- WORK REQUIRED
Could you restate the data word for word and drop the pictures?

- SOURCE MATERIAL
#####
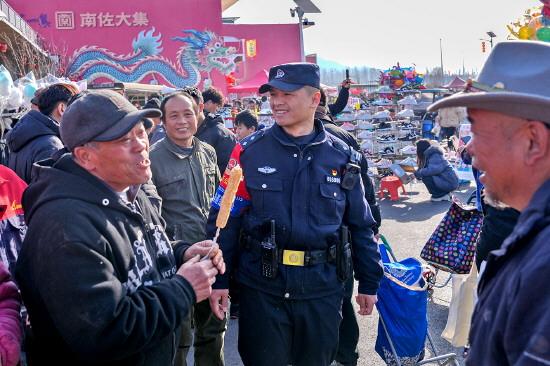 圖為南佐派出所民警馬星與趕集群眾互動。
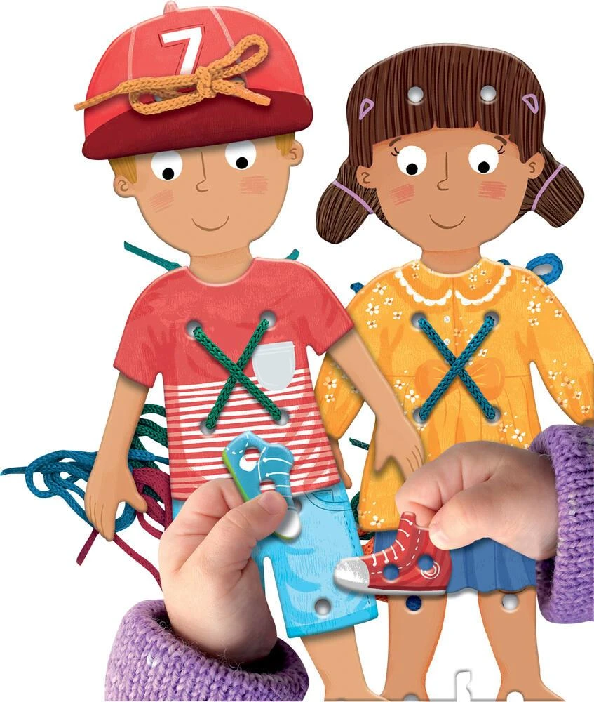 Apprends à t’habiller en mettant les vêtements que la roue a choisi aux personnages. 2 personnages, vêtements, 4 lacets pour attacher les vêtements et 1 roulette fournis.
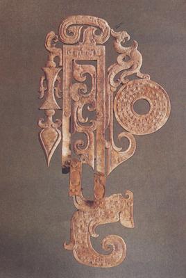 ◎西汉早期 1983年广东广州南越王赵眜墓出土 通长14厘米 宽7.4厘米 厚0.6厘米/广东省广州市南越王墓博物馆藏 ●此佩通长呈不规范的造型,通体扁平,两面纹饰相同。 青色玉料质地,因浸蚀变为鸡骨色。佩上端为云头纹,下接一长方形框架,框内为变形鸟纹。 下端的鸟纹较大,头向上望,尾卷曲与上端云纹相呼应。 因残断使鸟纹缺损不全,用金襻扣加固连结鸟纹组成现图形状。 框左侧上方饰一较小的变形鸟纹,顺缀一组似璎珞状的装饰纹样。框右侧上方设一面向外的立凤,引颈啼鸣,昂胸摆尾,神采动人。立凤双爪立于一个谷纹璧上,造型奇特,立意新巧,别开生面。 |
#####
- WORKED SOLUTION
 圖為南佐派出所民警馬星與趕集群眾互動。
 Apprends à t’habiller en mettant les vêtements que la roue a choisi aux personnages. 2 personnages, vêtements, 4 lacets pour attacher les vêtements et 1 roulette fournis.
 ◎西汉早期 1983年广东广州南越王赵眜墓出土 通长14厘米 宽7.4厘米 厚0.6厘米/广东省广州市南越王墓博物馆藏 ●此佩通长呈不规范的造型,通体扁平,两面纹饰相同。 青色玉料质地,因浸蚀变为鸡骨色。佩上端为云头纹,下接一长方形框架,框内为变形鸟纹。 下端的鸟纹较大,头向上望,尾卷曲与上端云纹相呼应。 因残断使鸟纹缺损不全,用金襻扣加固连结鸟纹组成现图形状。 框左侧上方饰一较小的变形鸟纹,顺缀一组似璎珞状的装饰纹样。框右侧上方设一面向外的立凤,引颈啼鸣,昂胸摆尾,神采动人。立凤双爪立于一个谷纹璧上,造型奇特,立意新巧,别开生面。 |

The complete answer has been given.